■ TASK OBJECTIVE
In the entries below, find the line with "Wapiti Regional Library’s" and the line with "Odnos između Vilme"; copy them and every line between them exactly, but not the pictures.
─── EXERCISE MATERIALS
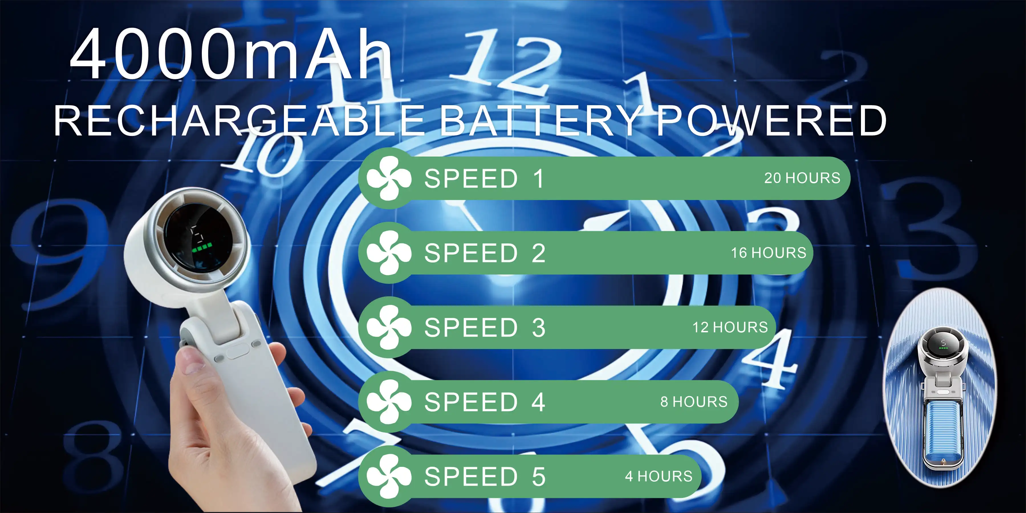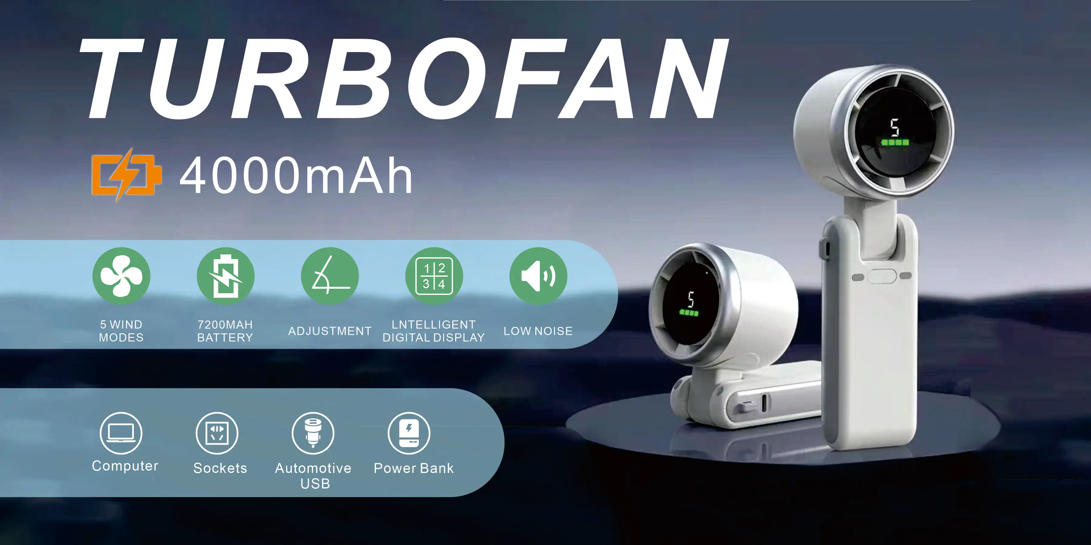 5-speed turbo fan – Experience personalized comfort through the adjustable wind speed setting of the handheld personal fan. We offer 5 wind speed settings ranging from gentle to strong winds, which you can adjust in any situation to meet your specific cooling needs.
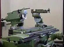 A radius grinder (or radius tool grinder) is a special grinder used for grinding the most complex tool forms, and is the historical predecessor to the CNC tool and cutter grinder. Like the CNC grinder, it may be used for other tasks where grinding spherical surfaces is necessary. The tool itself consists of three parts: The grinder head, work table, and holding fixture. The grinder head has three degrees of freedom. Vertical movement, movement into the workpiece, and tilt. These are generally set statically, and left fixed throughout operations. The work table is a T-slotted X-axis table mounted on top of a radial fixture. Mounting the X axis on top of the radius table, as opposed to the other way around, allows for complex and accurate radius grinds. The holding fixtures can be anything one can mount on a slotted table, but most commonly used is a collet or chuck fixture that indexes and has a separate Y movement to allow accurate depth setting and endmill sharpening. The dressers used on these grinders are usually quite expensive, and can dress the grinding wheel itself with a particular radius.
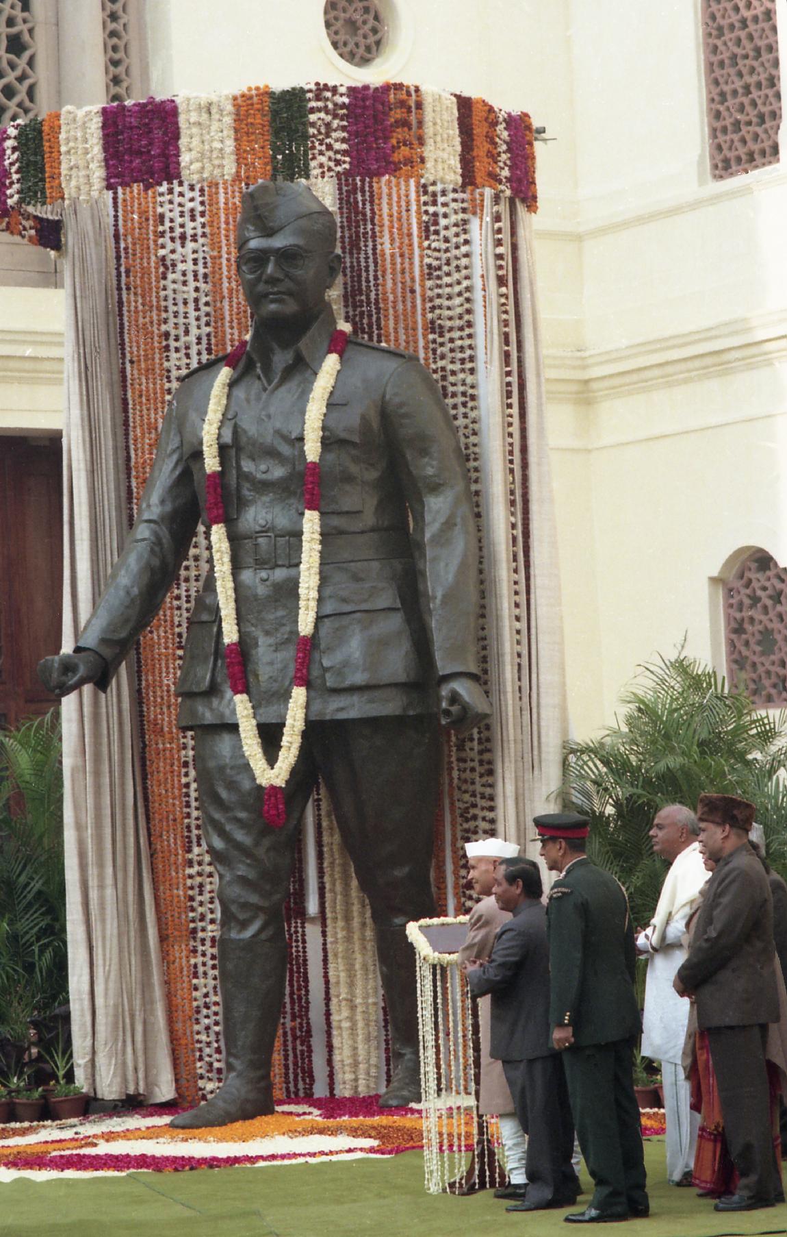 | Caption: | The President of India, Dr. Shankar Dayal Sharma unveiling the Statue of Netaji Subhash Chandra Bose at Parliament House in New Delhi on January 23, 1997. |
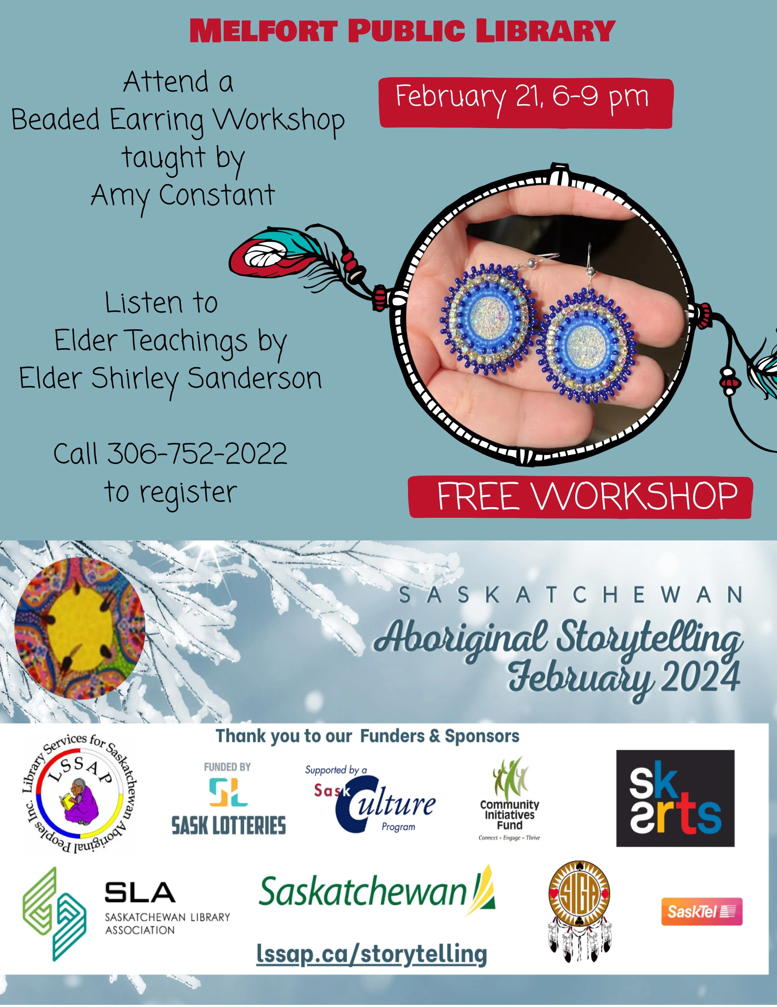 Wapiti Regional Library’s Melfort Public Library is hosting an evening of beading and teachings with Amy Constant and Elder Shirley Sanderson.
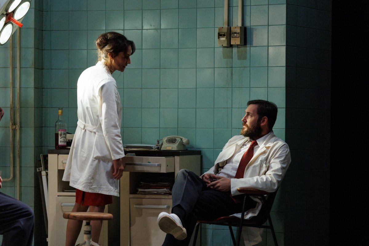 Odnos između Vilme i njenog kolege i supruga Jelineka dobija tragičnu auru nakon što dolazak Emila inicira razgovor o suprotstavljenim pogledima dvoje supružnika. Mučna i sirova tematika predstave poteže, danas gotovo nepostojeću, no u periodu nastanka dela verovatno ambicioznu polemiku oko izjednačavanja žrtvi i počinioca. Njen glavni zagovornik upravo je Jelinek, a način na koji publika saznaje o njegovoj informisanosti o tome šta se događalo njegovoj izabranici posebno je interesantan. Naime, u razgovoru upoznavanja sa neočekivanim posetiocem, on izgovara rečenicu poput: „Ti si, Vilma, beše radila u perionici?”, kao da bi razgovor o logorima smrti, ako je ikada vođen, lako mogao biti zaboravljen.
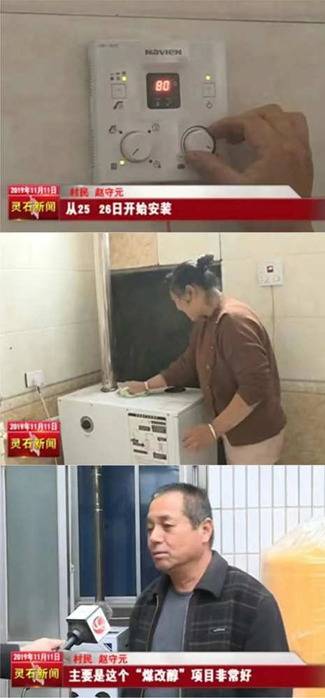 慶東納碧安的落地式甲醇鍋爐MGB500早在2019年便投入山西晉中與河北威縣的煤改醇試點(diǎn)項(xiàng)目中。并且在靈石電視臺(tái)對(duì)山西煤改醇工作的采訪報(bào)道中,受訪用戶對(duì)慶東納碧安甲醇鍋爐的采暖效果十分認(rèn)可,利用當(dāng)?shù)乇容^充足的醇燃料,為當(dāng)?shù)刈魩砹耸孢m的清潔采暖體驗(yàn),有效改善了當(dāng)?shù)卮髿馕廴镜膯栴}。
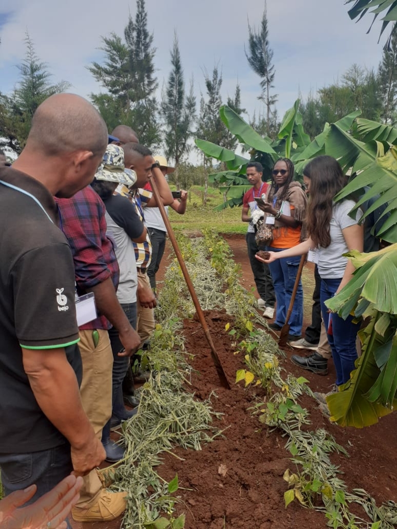 Organisée sur dix jours du 24 février au 06 mars 2025, la formation aux fondamentaux de l’agronomie a réuni 17 personnes de 6 pays (Kenya, Côte d’Ivoire, Burkina Faso, Maroc, Malawi, Madagascar) à Antsirabe, sur les hautes terres de Madagascar. Elle a eu lieu principalement au Ceffel, centre de formation professionnel porté par l’association Ceffel depuis 20 ans et vitrine de l’agroécologie sur les Hautes Terres. Co-animée par Andry RASAMIMANANA, responsable technique Ceffel, et par Delphine BOUTTET Ingénieure Arvalis, la formation a également beaucoup reposé sur le partage d’expériences entre participants.
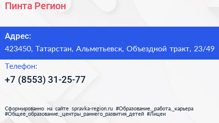 Пинта-Регион по адресу 423450, Татарстан, Альметьевск, Объездной тракт, 23/49 в дальнейшем Организация, размещена в следующих категориях:
──────
■ ANSWER SPACE
 Wapiti Regional Library’s Melfort Public Library is hosting an evening of beading and teachings with Amy Constant and Elder Shirley Sanderson.
 Odnos između Vilme i njenog kolege i supruga Jelineka dobija tragičnu auru nakon što dolazak Emila inicira razgovor o suprotstavljenim pogledima dvoje supružnika. Mučna i sirova tematika predstave poteže, danas gotovo nepostojeću, no u periodu nastanka dela verovatno ambicioznu polemiku oko izjednačavanja žrtvi i počinioca. Njen glavni zagovornik upravo je Jelinek, a način na koji publika saznaje o njegovoj informisanosti o tome šta se događalo njegovoj izabranici posebno je interesantan. Naime, u razgovoru upoznavanja sa neočekivanim posetiocem, on izgovara rečenicu poput: „Ti si, Vilma, beše radila u perionici?”, kao da bi razgovor o logorima smrti, ako je ikada vođen, lako mogao biti zaboravljen.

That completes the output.